# Which AA Zebra Light Head Lamp?



## Super Dave (Aug 18, 2014)

Hi Guys,

I have been real happy with my H51Fc AA Floody Headlamp (85 CRI) for the last couple of years. I use it everyday in the workshop. I run my current one on high and the burn time is about an hour. (High: H1 *123 *Lm (0.9 hrs) 

I'd like to upgrade to one of the newer / brighter versions but damn...they have too many choices. 
http://www.zebralight.com/Headlamp_c_7.html

I'm out of the loop on all this flashlight stuff. Can you guys point me in the right direction for the best floody AA Zebra Light head lamp available. 

Thanks,
Dave


----------



## chadvone (Aug 18, 2014)

H52Fw would be close to what you have now. CRI might not be as good. Tint specks out a little whiter.


----------



## Super Dave (Aug 18, 2014)

Thanks, is that the one you would get if you were looking for a AA floody headlight from Zebra Light?
Dave


----------



## chadvone (Aug 20, 2014)

Depends on what your doing with it. The H502 will give you more flood without hot spot. I have used the H50 H51 H502 (all gone). I miss the H50 the most. Didn't like the bouncing ball of the H51. The H502 didn't support 14500 cells. Next purchase from Zebralight AA lineup would be H52fw.


----------



## Super Dave (Aug 20, 2014)

Thank you very much.
Dave


----------



## markr6 (Aug 21, 2014)

chadvone said:


> Depends on what your doing with it. The H502 will give you more flood without hot spot. I have used the H50 H51 H502 (all gone). I miss the H50 the most. Didn't like the bouncing ball of the H51. The H502 didn't support 14500 cells. Next purchase from Zebralight AA lineup would be H52fw.
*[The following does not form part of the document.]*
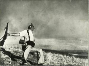 Robert Capa est le pseudonyme d'André Friedman, juif hongrois, né en 1913. Il quitte Berlin en 1933 pour fuir le nazisme et s'installe à Paris. Il photographie la guerre civile d'Espagne pour l'agence Alliance Photo, les magazines Vu et Regards. Il réalisera de grands reportages sur la seconde guerre mondiale de 1941 à 1945... En 1947, il crée Magnum, une agence indépendante, forte, fondée sur une éthique du métier de photo-reporter, sur une véritable ambition de photographie humaniste et engagée. Ils imposent leurs sujets de reportage, leurs images aux journaux et conservent les droits sur leurs œuvres en demeurant propriétaires des négatifs. Robert Capa mourra victime de l'explosion d'une mine, lors d'un reportage en Indochine, en 1954. Après la mort de Capa, les critiques mettent en cause, à juste de titre, l'authenticité de cette image.

I agree. I don't feel a headlamp should ever be very throwy like the H51/52. But I think the H52f is a little too diffused. So I always go with the standard versions (H52w) and add some d-c-fix diffusion film. I find it to create the perfect beam - much floodier but still a nice big, but smooth hotspot.


----------



## Super Dave (Aug 21, 2014)

Hi Guys,

Thank you for your help. I've been out of it for quite a few years. Basically, I reached a point where I was happy with my lights...how cool is that?
I've got one of the original lights on my bedside table from Don in Maui. It's old but still perfect. I've have a nice light from Gene Malkoff, the one that Don made the reflector. And I have the Draco on my key ring. The Zebralight did it for a headlamp.

So, when Chadvone mentions the bouncing ball he must be talking about the hot spot, no? My Zebralight does have a hot spot now that you guys mention that. No wonder I have to adjust the beam angle to get the light on what I need. I use it for cleaning guns mostly...probably 1 1/2 to 2 1/2 feet away from the head.

MarkR6, when you mention a smooth hotspot...do you mean a bigger hotspot. That would be good...more light on the subject. Yea, so the ideal light would put more light in a bigger area down at my hands when working on a gun. For this close up application which one would be best?

Thanks,
Dave


----------



## markr6 (Aug 21, 2014)

Super Dave said:


> MarkR6, when you mention a smooth hotspot...do you mean a bigger hotspot. That would be good...more light on the subject. Yea, so the ideal light would put more light in a bigger area down at my hands when working on a gun. For this close up application which one would be best?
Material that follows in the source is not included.